Blind Hockey has been played in Canada since the early 1970’s. The sport was first played in the U.S. on October 18, 2014.


If you’re interested in learning blind hockey, please contact us!

Beep Baseball

Beep baseball is the equivalent of America’s favorite ball game. For the blind or visually impaired, they made a few changes:

There are only two bases; first and third. The bases, which emit a beeping sound, are about four feet tall. Players run toward the beeping base after the ball is hit.

The catcher and pitcher are in the batter’s team; they are both sighted.

There are six fielders in a team, and all of them are blind or visually impaired. Everyone wears sleep shades or blindfolds so as to not give any advantage to players with some remaining vision.

The defensive team is allowed two spotters, or sighted volunteers. They call out the zone numbers to assist the team.

Each game consists of six innings and four strikes.
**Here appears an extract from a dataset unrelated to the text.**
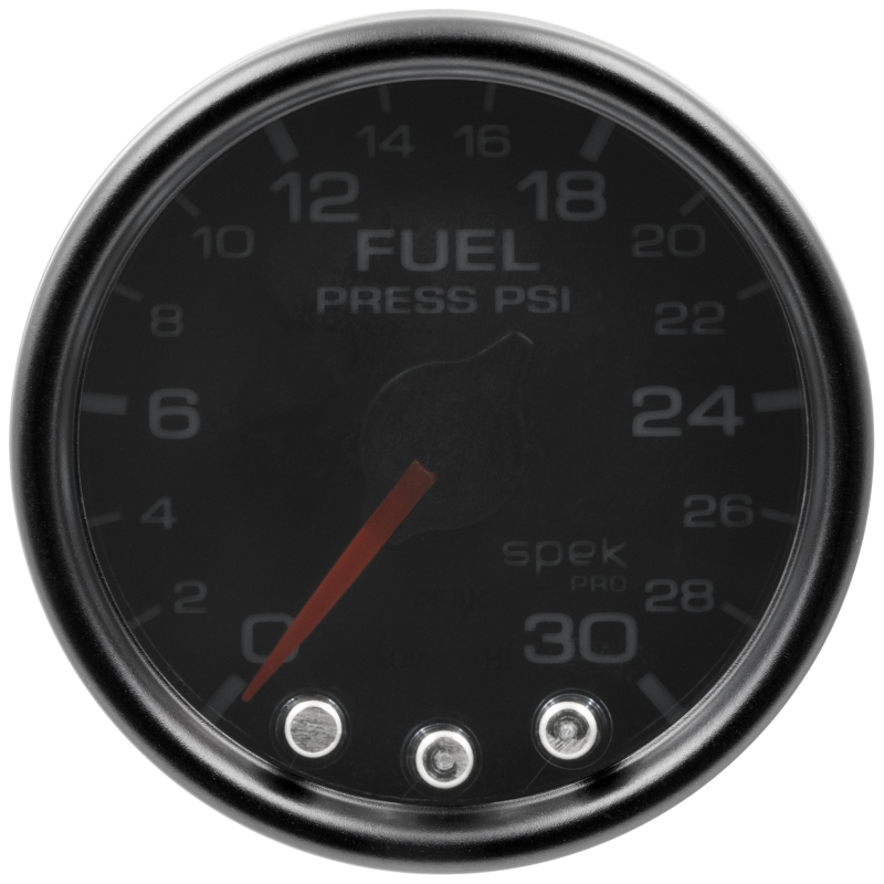 Autometer Spek-Pro Gauge Fuel Press 2 1/16in 30psi Stepper Motor W/Peak & Warn Blk/Smoke/Blk
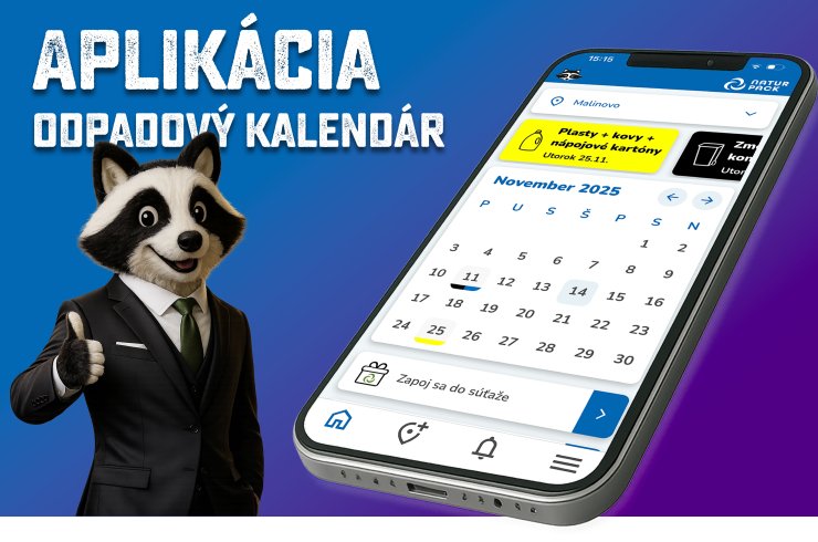 Spoločnosť Natur Pack, ktorá obci financuje triedený zber spustila mobilnú aplikáciu ODPADOVÝ KALENDÁR. Je bezplatne dostupná na stiahnutie na platformách GOOGLE PLAY a APPLE STORE.

Games typically last about 90 minutes.


If you’re interested in learning beep baseball please contact us!

An image of two baseball bats laying on top of a baseball glove.

Blind Judo

Judo is a popular full contact sport for athletes who are blind and visually impaired. The sport of Judo holds incredible potential for improving the physical, mental and psychological well-being of a blind athlete. Blind Judo is a sport that requires a high level of practice and skill, however it is a very enjoyable sport at the same time that doesn't only keep you fit but also keeps you having fun and meeting new people. People often learn basic self-defense in the judo classes.

The only difference between able-bodied and visually impaired judo is in visually impaired judo, you must maintain contact with your opponent.  Once you break contact, the match is stopped, athletes are brought back together and the match resumes.

Also the referee will audibly let competitors know when they are reaching the edge of the playing area as they are not able to locate it with their sight.